Two control gate electrodes 106 are provided between the two, and two horizontally adjacent memory cells provided between these two control gate electrodes 106 share one N-type drain region 107. . Although not shown, each digit line (bit line) connected to each N-type drain region 107 is provided to be orthogonal to the word line.

In writing to a memory cell, a voltage (for example, 12 V) sufficiently higher than a power supply voltage (for example, 5 V) is applied to the control gate electrode 106 of the memory cell,
A voltage (for example, 7 V) higher than the power supply voltage is applied to the N-type drain region 107 of the memory cell via the digit line, and the P-type silicon substrate 101 and the N-type source region 10 are applied.
8 is grounded, and is performed for each bit.

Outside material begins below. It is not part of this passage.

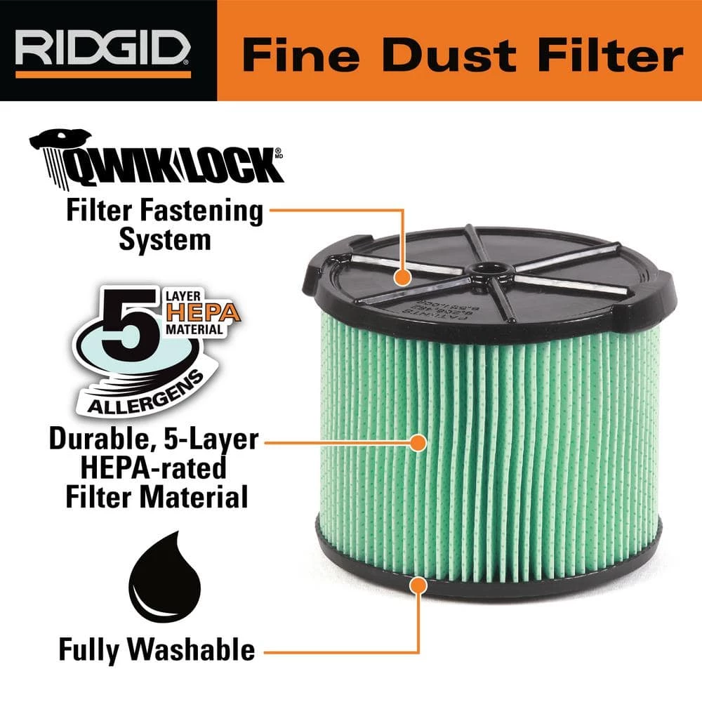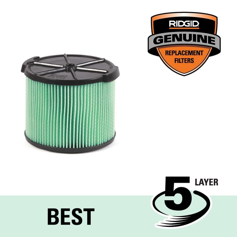 - 5-layer filter ideal for capturing allergens, pet dander and drywall dust when paired with a RIDGID Dust Collection Bag (VF3501; sold separately)

At this time, N
Electrons generated as hot carriers from the side of the type drain region 107 are injected into the floating gate electrode 104, and a _VTM memory cell (apparently) of a memory cell having a positive value (for example, 2 V) lower than the power supply voltage before writing. Becomes a value higher than the value of the power supply voltage (for example, 7 V: this value is determined by the bias condition and the erase time within a range determined by the capacitance division ratio).

The erasing operation in the flash memory device is performed, for example, every 512 k bits. In the memory cell shown in FIG. 5, erasing is performed by flowing electrons accumulated in the floating gate electrode 104 to the source region 108 through the tunnel oxide film 103 as a Fowler-Nordheim (FN) tunnel current. This method is called source erasing. This is performed by setting the control gate electrode 106 and the P-type silicon substrate 101 to the ground potential, applying a bias (for example, 9 V) sufficiently higher than the power supply voltage to the source region 108, and setting _VTM to a positive value lower than the power supply voltage. (The bias and erase time are set to be equal to VTM before writing). In this erase operation, a negative voltage (for example, −5 V) is applied to the control gate electrode 106 and a positive voltage (for example, +
5V), by applying a ground potential to the P-type silicon substrate 101. This method is called source gate erase.

[0006]

As one of the failure modes in the flash memory device, there is a phenomenon called over-erase. Normally, the erasing condition is set so that the target value becomes _VTM . If there is an abnormality in a specific memory cell, the value of _VTM due to erasure becomes lower than the target value. This occurs because electrons are excessively extracted from the floating gate electrode 104 of the memory cell, and this phenomenon is called excessive erasure. Even in this case, as long as _VTM after erasing is a positive value, writing is performed again. However, if _{VTM at} this time becomes negative, even if writing is performed under the above conditions, the V
_TM rises hard. If writing to this memory cell is not performed (1 state or constant _VTM state), all cells connected to the same bit line are erroneously read as being in 1 state.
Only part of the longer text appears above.